His illegitimate son, Alnys, by some means inherited a portion of the powder from his mother. He wandered through Italy and Germany performing transmutations. On one occasion he made projection before the Duke of Richlieu, then French ambassador at Vienna, and who assured the Abbé Langlet that he not only saw the operation performed, but performed it himself, twice on gold and forty times on silver.
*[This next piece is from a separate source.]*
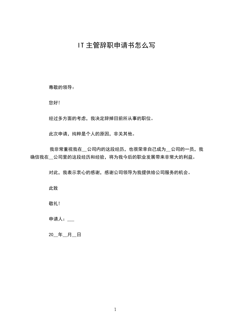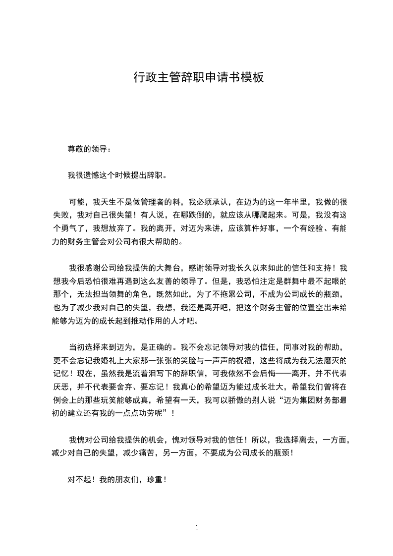 尊敬的公司领导: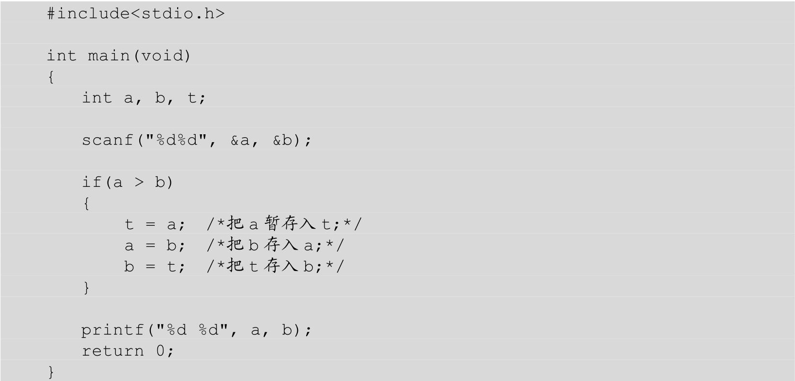 输入两个整数存入a、b两个变量,若a>b,则a与b交换内容,即:要求a中存较小数,b中存较大数,最后输出a和b的值。

Alnys made a considerable collection of gold coins, ancient and modern, while on a journey through Austria and Bohemia. On his return to Aix he presented himself to the President of Provence, who desired him to call the next day. Alnys, suspecting an intention to arrest him, fled in the interim. He was afterwards imprisoned at Marseilles, whence he contrived to escape to Brussels. It was here, in 1731, that he gave some philosophic mercury to M. Percell, the brother of Langlet de Fresnoy, which mercury the recipient fermented imperfectly, but succeeded so far as to convert an ounce of silver into gold. The death of a certain M. Grefier shortly after some operations on corrosive sublimate, by which Alnys proposed to instruct him in alchemy, made it necessary for him to depart, and he was heard of no more.

JOHN HERMANN OBEREIT.

This writer, as much mystic as alchemist, was born at Arbon at Switzerland in 1725, and died in 1798. He inherited from his father a taste for transcendental chemistry, and the opinion that metals could be developed to their full perfection, but that the chief instrument was the grace of God, working in the soul of the alchemist. He laboured unceasingly at the physical processes, hoping thereby to restore the fallen fortunes of his family, but his laboratory was closed by the authorities as endangering the public safety. He contrived to make evident the harmless nature of his employment, and was received into the house of a brother of the physiognomist Lavater. He celebrated, he informs us, a mystical marriage with a seraphic and illuminated shepherdess named Theantis, the ceremony taking place in a castle on the extreme summit of a cloud-encompassed mountain. His bride after thirty-six days of transcendental union, which was neither platonic nor epicurean, but of a perfectly indescribable character, departed this life, and the bereaved husband, during the whole night of her decease, bewailed her in a mystical canticle. _La Connexion Originaire des Esprits et des Corps, d’apres les principes de Newton_, Augsbourg, 1776, and _Les Promenades de Gamaliel, juif Philosophe_, were bequeathed by Obereit to a neglectful posterity.

TRAVELS, ADVENTURES, AND IMPRISONMENTS OF JOSEPH BALSAMO.

The notorious Count Cagliostro appears from an impartial review of his history and phenomenal exploits, to have been one of those characters not uncommonly met with in the chequered annals of occultism. Even as the modern “mediums,” who outrage the confidence of their believers by leavening the supernatural bread, whereof the ghastly patent is their prerogative and birthright, with the unrighteous mammon of material conjuring, and even as those conjurors who are sometimes supposed to still further perplex their audience by supplementary compacts with “spooks,” this high priest of transcendental trickery would seem to have possessed, perhaps unconsciously, a certain share of occult gifts, which assisted no little his unparalleled rogueries. Mystical knowledge beyond that of the age in which he lived was undoubtedly his, and though it was still superficial, he had a genius for making the most of it.